Approach: every company is different but your role here is to match-make the right external to the right internal. At all costs, you need to ensure the external is not selling anything [initially] and that the internal does not exploit the knowledge with no reward. This has to be a Win-Win relationship. In your broker role set the ground rules and check bad-behavior on either side.
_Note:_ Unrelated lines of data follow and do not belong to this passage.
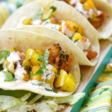 Taco night just got a whole lot better with these delicious grilled shrimp tacos! Served on warm corn tortillas, packed with juicy jumbo shrimp, papaya mango salsa, shredded red cabbage, and chipotle crema, these tacos are sure to please.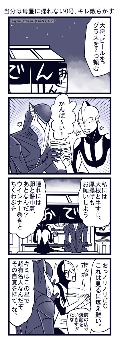 はしご酒で出来上がってる0号と1号の正月三が日(リプ欄に続く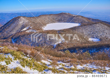 冬の群馬県赤城山 地蔵岳山頂から南東側の小沼方面を見る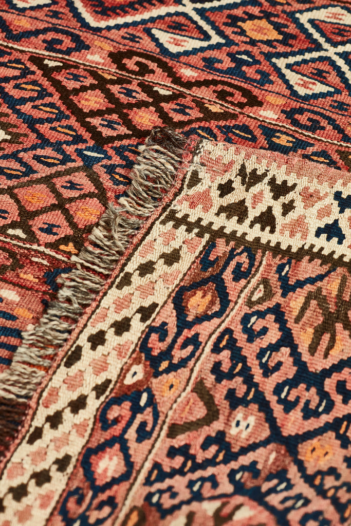 This kilim has been woven in natural dyes that are beautifully soft and natural with pinks, browns and blues, with cream border detailing. A very beautiful piece.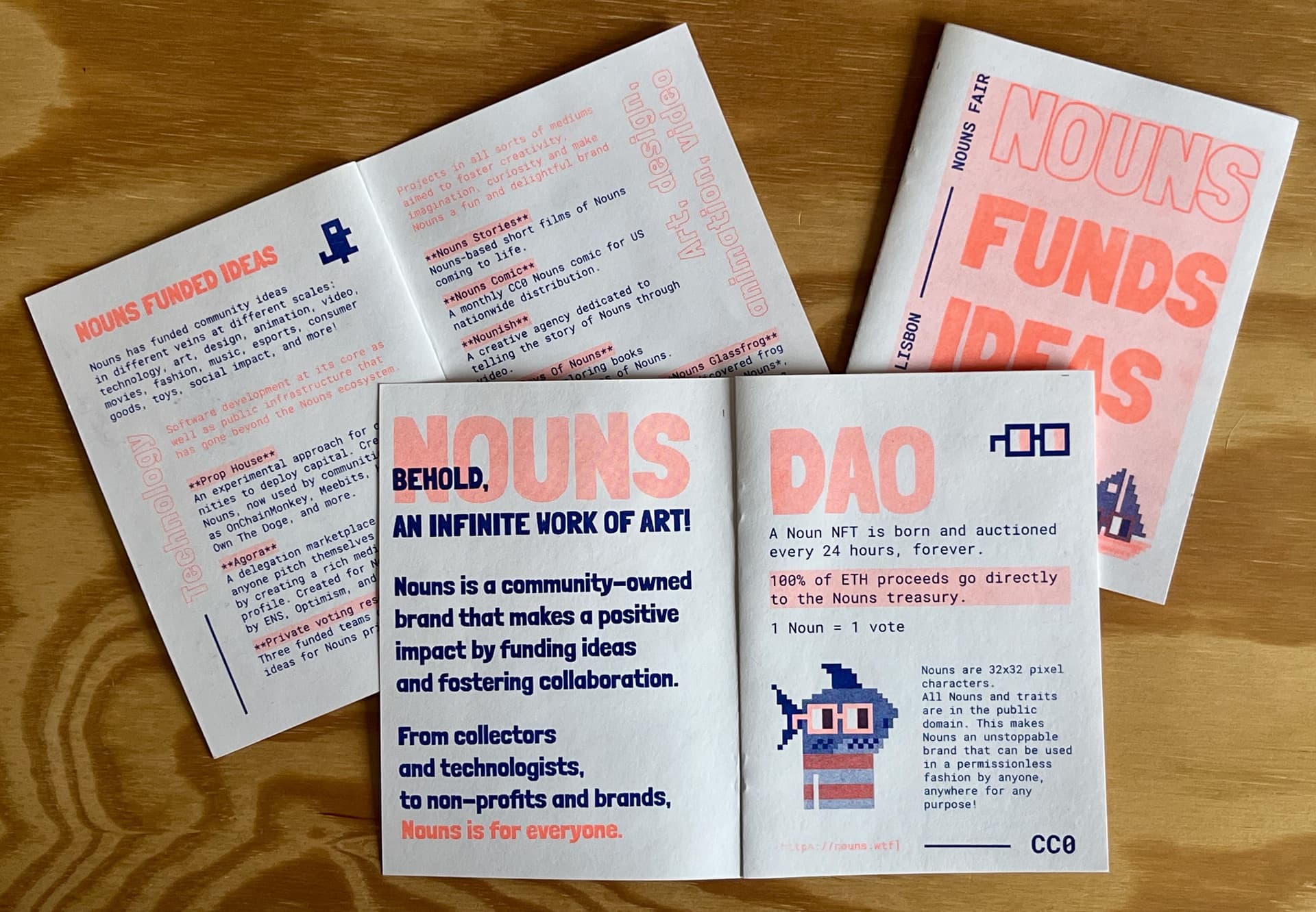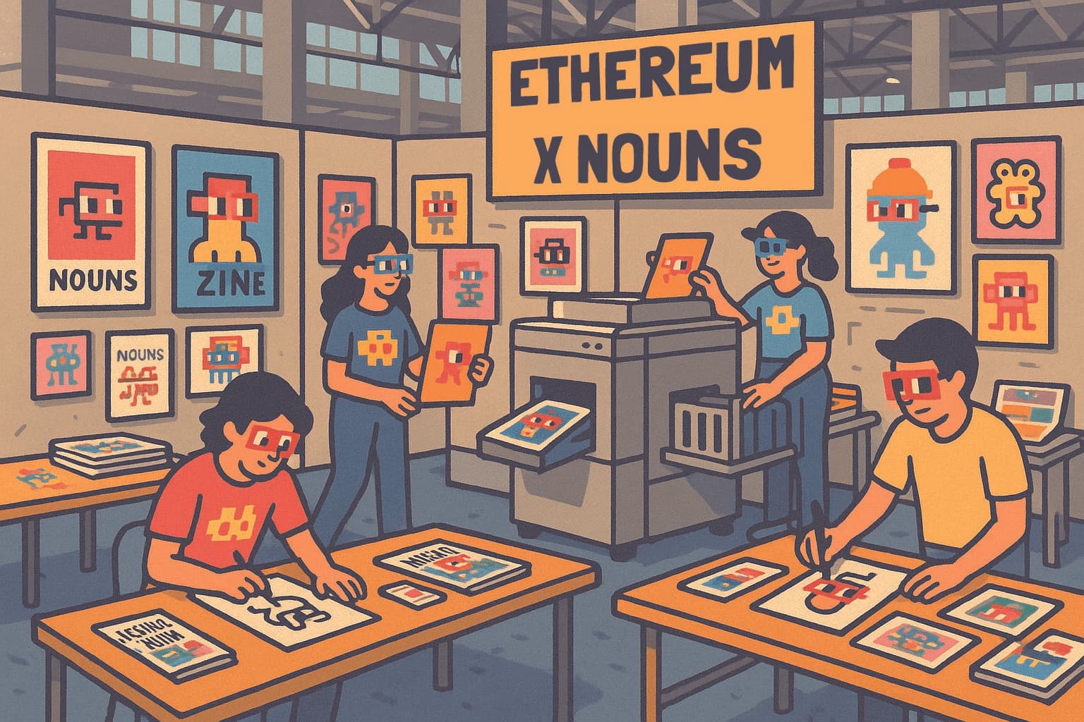 Fun fact: weβve handed out Nouns risography prints at every edition of the Nouns Fair. For us, itβs fun to spark conversations about new technologies and creative practices while grounding them in traditional media, bringing together both worlds. Using risography feels fittingβits punk, DIY spirit of self-publishing echoes the cypherpunk ethos at the heart of Ethereum.

Goal: education. Execs are a long time out of the classroom and the great ones love to keep learning. Most should see the value in an ecosystem of external contacts. Don’t forget, no innovation projects advance without internal sponsors. So it’s not just about you getting it, you need to bring key sponsors along on the journey with you.

Lesson 3: Set-up camp

Don’t: Go on a really expensive Startup Safari [according to TechCrunch] is an eco-system immersion program that enables international growth and scale for entrepreneurs across the globe. In the largest companies, that can mean the “Innovation Vacation” a sexy reinvention project with a large budget and seemingly brand new approach to the core organisation. As a large company, your greatest strength is your core inertia, that stable business that lets you place bets on future growth. Innovation activity has to be done with close alignment but separate from distracting the daily operations of the company.

Do: try to take a seat in a start-up community, these are hotbeds of young companies experimenting, getting funded by investors and being pitched to by consultancies. Avoid commercial start-up studios, they’ll try and sell your projects. Depending on your organisation’s maturity, time is required to calibrate to new processes, internal governance, setting up labs and funding architecture needs to be modified for growth initiatives.

Approach: Level39 in London is a prime example of a tech community where companies can join for 1x seat at £500pm, giving them access to an ecosystem of 200+ companies and 1500 members and 80+ mentors.

Goal: By this stage you’ve networked, you’ve sold the value of this activity to some key sponsors and now you need the space to bring the organisation into contact with the innovation community. Build exposure and formulate what the organisation wants to get from it.

Lesson 4: Kill Zombies, Build Faith

Don’t: start a whole new programme of work and pitch for $$$ funding to turn your company into the next Uber. No sponsor will back you, it’s unlikely your company can deliver the giant project yet and you’ll piss everyone off.

Do: Try to identify a customer and a problem where there is an existing innovation activity in the organisation. Explore if they are duplicates, what pace they’re moving at and if they are stalling. Then pitch to Kill Zombies and free up resources to complete projects that show promise. Customer wins, £5k-£500k, build faith for a wider expansion of activity later on.

Approach: Here your sponsors come into play, they may have slow-moving projects that the external contacts and ecosystem can help with. They have to want to back a solution. Build a coalition of support amongst the sponsors that see promise in the activity and translate it into a financial plan. Avoid sponsors that are only interested parties, outcomes require authority and budget.

Goal: Harness your new ecosystem of contacts to help bring to life a dormant or slow-moving innovation that already exists. Prove that innovation is tangible and not a promise of future wealth, one small win starts the conversation for a long journey to building a disciplined innovation function.

In the end, there are a million ways to approach this activity but external ecosystems give you, the individual, the best position to ask questions, test ideas, and network teams together. It ultimately comes down to what you can make of it but there are lots of us out here willing to help guide you!